* _THE RECORDS_

#####

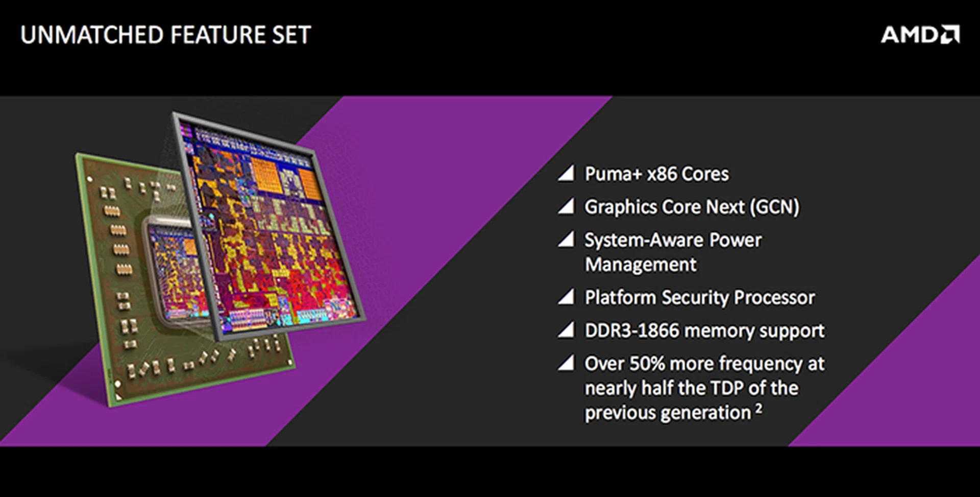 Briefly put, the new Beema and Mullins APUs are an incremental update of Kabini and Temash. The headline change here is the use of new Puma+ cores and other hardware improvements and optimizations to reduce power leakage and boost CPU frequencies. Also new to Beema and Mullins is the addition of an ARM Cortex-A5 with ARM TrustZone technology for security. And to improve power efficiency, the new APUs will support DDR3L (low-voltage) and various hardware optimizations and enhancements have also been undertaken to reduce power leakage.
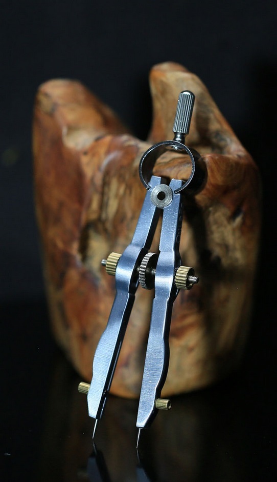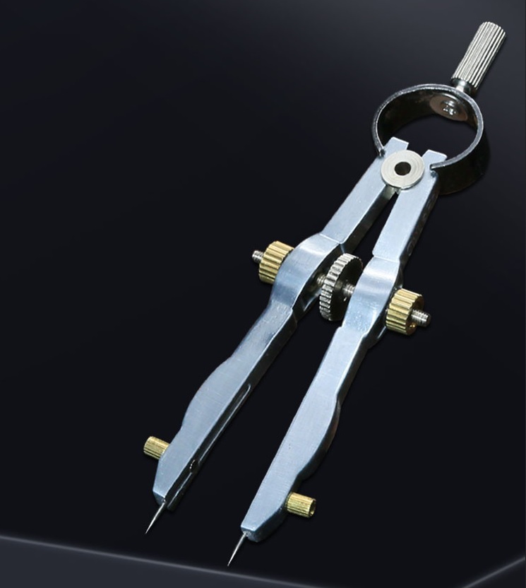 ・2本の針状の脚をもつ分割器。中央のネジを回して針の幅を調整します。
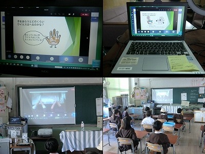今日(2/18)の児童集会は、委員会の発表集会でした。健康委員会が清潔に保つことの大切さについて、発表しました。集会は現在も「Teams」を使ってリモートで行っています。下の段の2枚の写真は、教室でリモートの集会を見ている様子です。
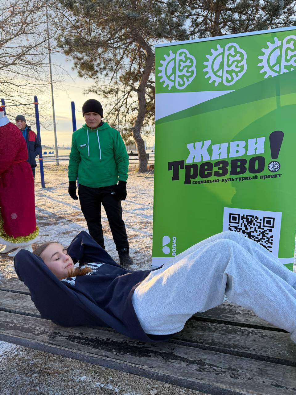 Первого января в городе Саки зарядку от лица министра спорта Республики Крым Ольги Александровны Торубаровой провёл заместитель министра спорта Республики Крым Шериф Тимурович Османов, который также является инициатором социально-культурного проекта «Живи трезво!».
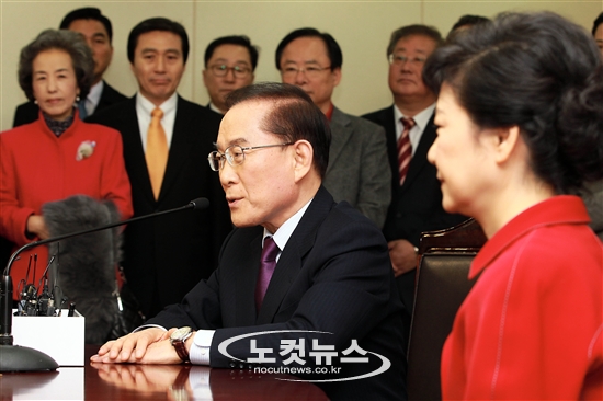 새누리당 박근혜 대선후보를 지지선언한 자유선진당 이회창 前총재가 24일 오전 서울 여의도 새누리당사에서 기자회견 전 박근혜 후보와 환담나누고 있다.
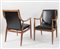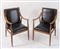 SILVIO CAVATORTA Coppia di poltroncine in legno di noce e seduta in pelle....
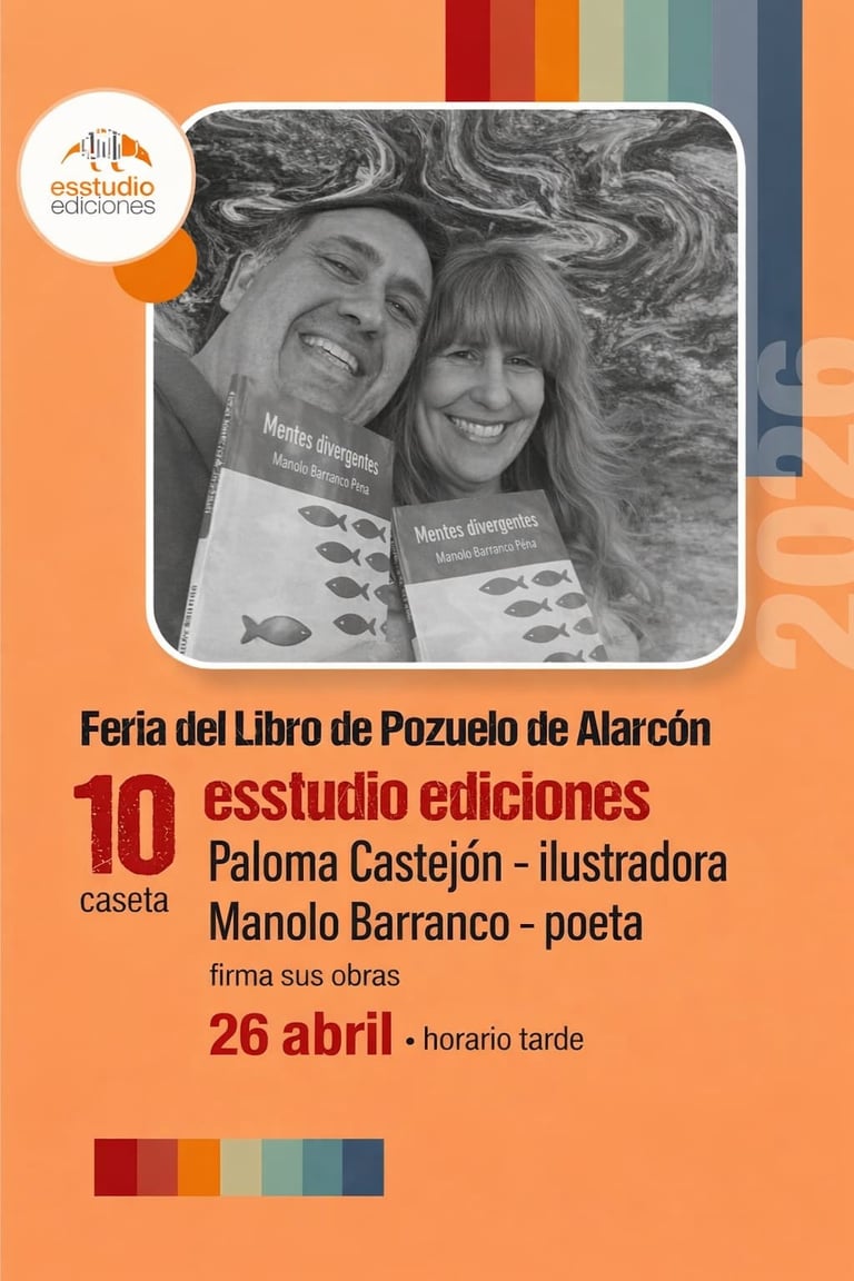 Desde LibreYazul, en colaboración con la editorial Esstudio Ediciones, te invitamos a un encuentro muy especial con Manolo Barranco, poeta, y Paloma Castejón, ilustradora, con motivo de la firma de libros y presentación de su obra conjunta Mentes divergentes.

#####

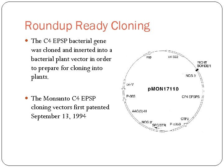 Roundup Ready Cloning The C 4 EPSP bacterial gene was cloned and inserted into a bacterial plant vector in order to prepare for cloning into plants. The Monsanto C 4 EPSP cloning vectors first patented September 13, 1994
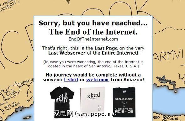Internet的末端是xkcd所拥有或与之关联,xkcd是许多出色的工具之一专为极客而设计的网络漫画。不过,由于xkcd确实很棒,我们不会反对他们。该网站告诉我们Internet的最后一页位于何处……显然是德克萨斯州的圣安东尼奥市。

#####

* _DIRECTIONS_
In the material above, which lines fall between the one holding "Briefly put, the" and the one holding "Desde LibreYazul, en", inclusive? Print exactly those, with the pictures left out.

* _OUTPUT FOR THIS EXERCISE_
 Briefly put, the new Beema and Mullins APUs are an incremental update of Kabini and Temash. The headline change here is the use of new Puma+ cores and other hardware improvements and optimizations to reduce power leakage and boost CPU frequencies. Also new to Beema and Mullins is the addition of an ARM Cortex-A5 with ARM TrustZone technology for security. And to improve power efficiency, the new APUs will support DDR3L (low-voltage) and various hardware optimizations and enhancements have also been undertaken to reduce power leakage.
 ・2本の針状の脚をもつ分割器。中央のネジを回して針の幅を調整します。
今日(2/18)の児童集会は、委員会の発表集会でした。健康委員会が清潔に保つことの大切さについて、発表しました。集会は現在も「Teams」を使ってリモートで行っています。下の段の2枚の写真は、教室でリモートの集会を見ている様子です。
 Первого января в городе Саки зарядку от лица министра спорта Республики Крым Ольги Александровны Торубаровой провёл заместитель министра спорта Республики Крым Шериф Тимурович Османов, который также является инициатором социально-культурного проекта «Живи трезво!».
 새누리당 박근혜 대선후보를 지지선언한 자유선진당 이회창 前총재가 24일 오전 서울 여의도 새누리당사에서 기자회견 전 박근혜 후보와 환담나누고 있다.
 SILVIO CAVATORTA Coppia di poltroncine in legno di noce e seduta in pelle....
 Desde LibreYazul, en colaboración con la editorial Esstudio Ediciones, te invitamos a un encuentro muy especial con Manolo Barranco, poeta, y Paloma Castejón, ilustradora, con motivo de la firma de libros y presentación de su obra conjunta Mentes divergentes.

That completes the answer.